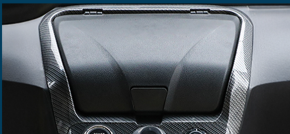
Built-in refrigerator (option)
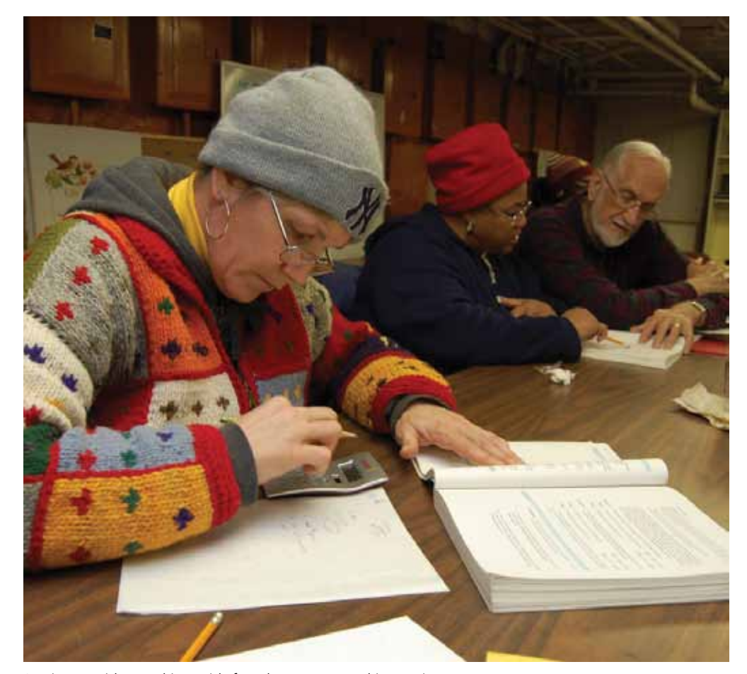
Service provider working with female veterans seeking assistance.
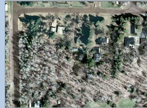
Spring Leaf-Off Image
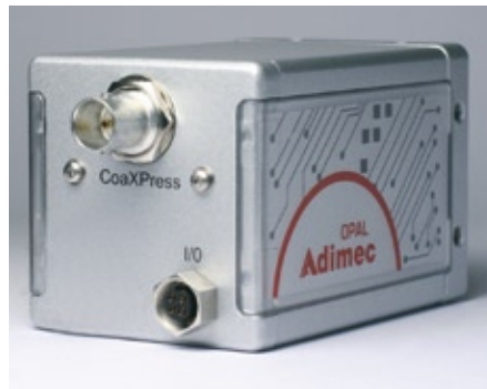
CoaXPress camera

The driving force for this new high speed technology derives primarily from im-

Aim of the task: Every picture stays out; reproduce exactly the lines from the one with "Spring Leaf-Off Image" through the last line of the data above.

Task output:
Spring Leaf-Off Image
CoaXPress camera

The driving force for this new high speed technology derives primarily from im-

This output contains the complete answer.